Creativity still plays an integral part of home purchasing, and money savings. Yesterday, Mark & Jolene left my office $4000 richer than when they came in. Here’s the scenario.

Our couple want to buy a duplex (two units stacked one on top of the other). Their thought is to get the rental income from one unit to help defray the total cost of ownership. We went through the pros & cons of such a purchase, and they decided they still wanted to go that route. They had found a duplex selling at $188,000 with the upper unit already rented at $1050 per month (plus electricity). Their provable income was $75,000 per year. They had accumulated $22000 over the years, and wished to put $18,800 (10%) as down payment, with the balance of their cash for closing costs. They would finance the remainder. Their credit rating was excellent!

Had they obtained maximum financing (90% financing), we would have had to finance through the auspices of a high ratio insurance company, like Canada Mortgage & Housing Corp (CMHC) which protects the lender against default.. These high ratio insurance companies charge insurance premiums. In our case, the fee would have exceeded $4000 (2.5% of the mortgage amount). Notwithstanding the fact the insurance premium is normally added to the mortgage, our couple would have paid interest on that amount over the next 25 years.
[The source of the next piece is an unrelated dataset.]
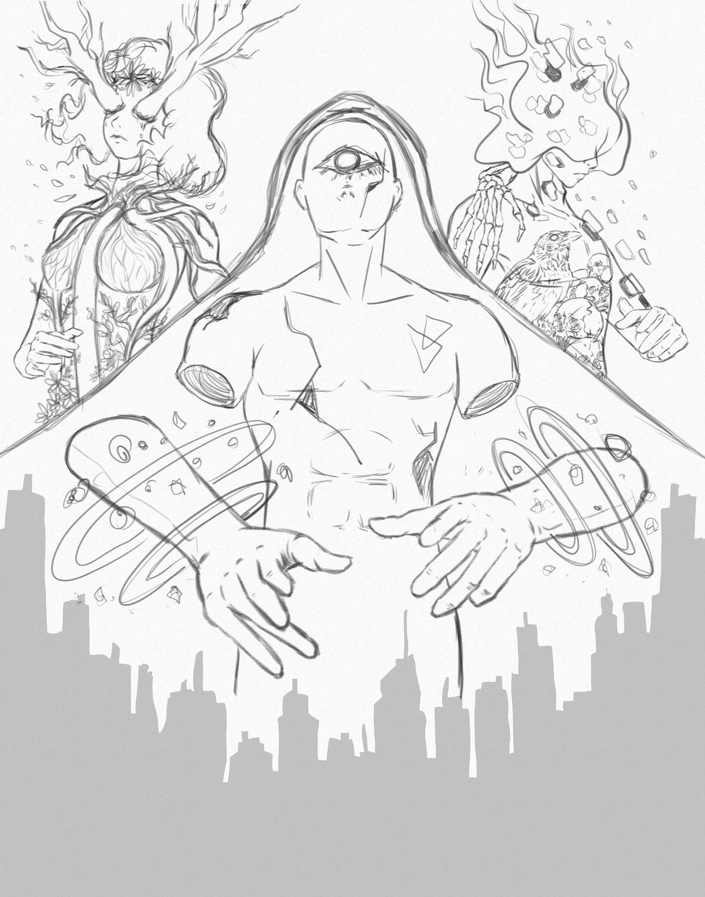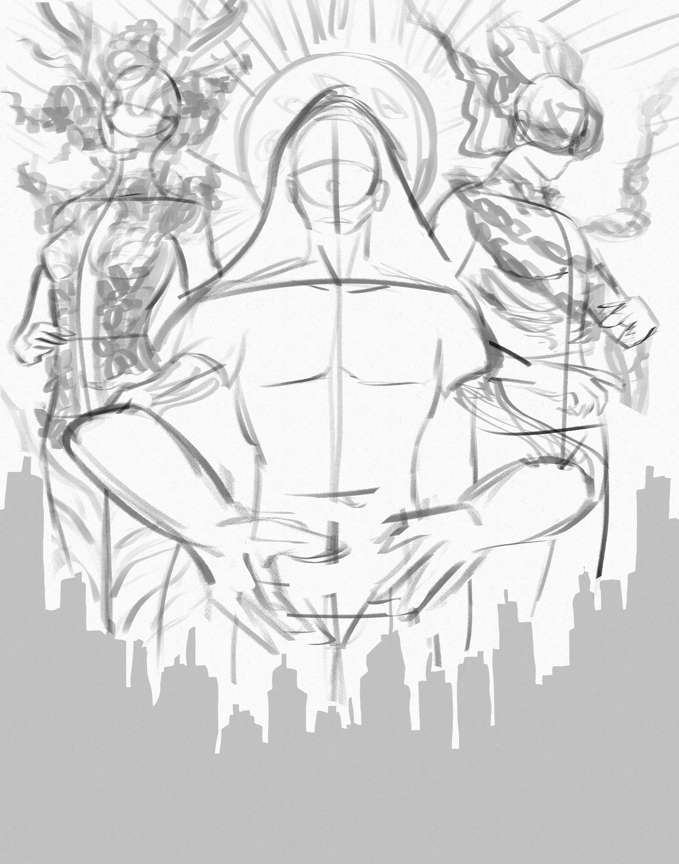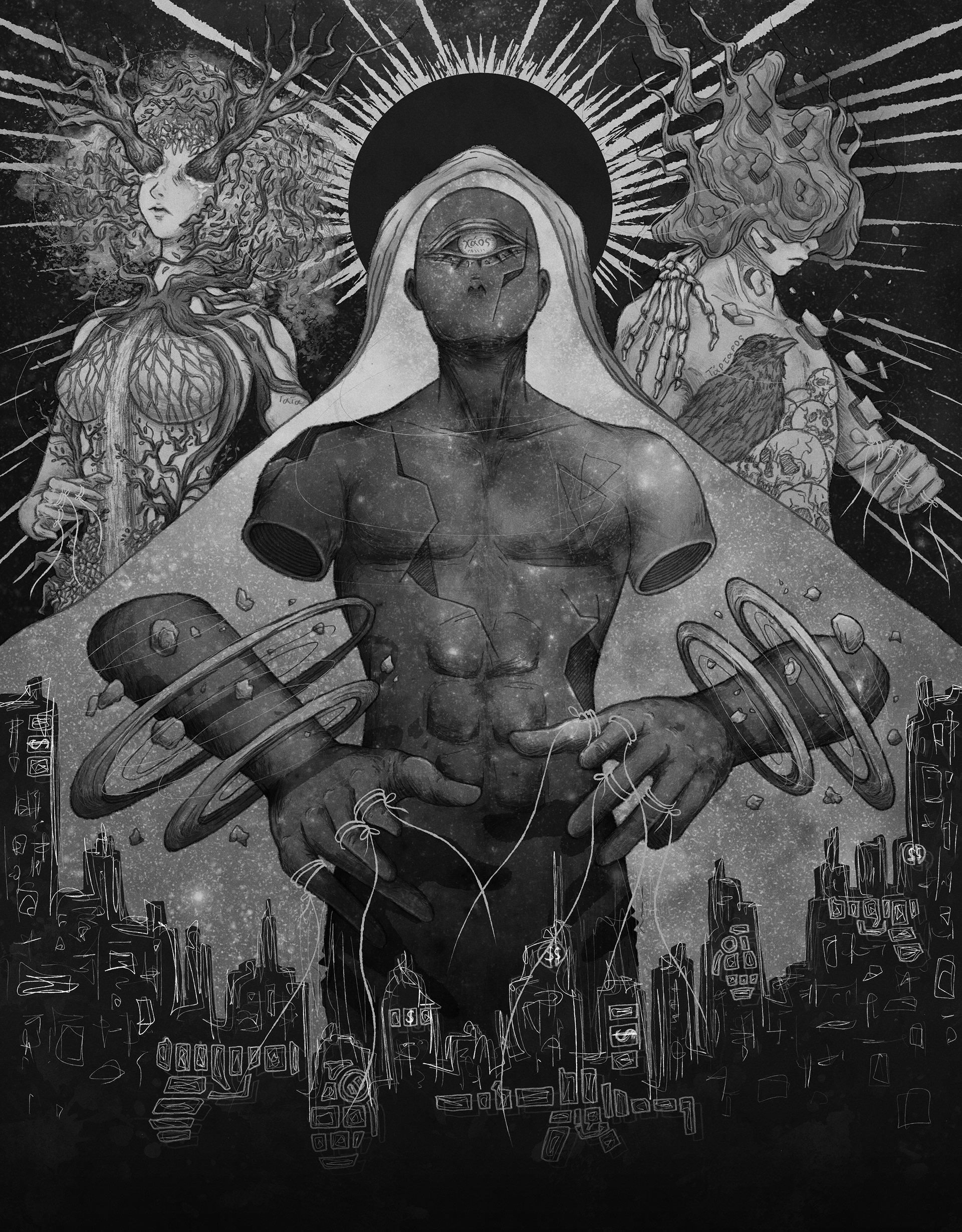 I sought to depict the Greek primordial deities, Chaos, Gaia, and Tartarus, emphasizing how their power over humanity is slowly fading as people become more consumed by money and their own endless wars.

I asked them if they could muster up 25% as a down payment. The answer was no! I asked them if either had parents with a little money. Mark’s answer was positive but was extremely reluctant to approach his father for a loan. I intimated that this would be a business proposal to his father, not a loan. His father may be able to get 5% from normal investment sources, while our couple would be paying the equivalent of 7% (the first mortgage rate). His father could register a 2nd mortgage on the property as security for this business investment. If his father will help out and add $28,200 to the down payment portion (totaling $47000) , then our kids do not need CMHC coverage. That would save them over $4000 at the onset, not to mention the avoidance of interest on that amount over the next 25 years. In five years time, if the property appreciates by 3% per year, our kids could put both mortgages together at that time (which would add up to less than 75% of the then value of the property), pay back dad and avoid the CMHC surcharge altogether.

This method of financing promotes savings for the new generation, while providing a better rate of return for the older generation. It becomes a win/win situation for all concerned.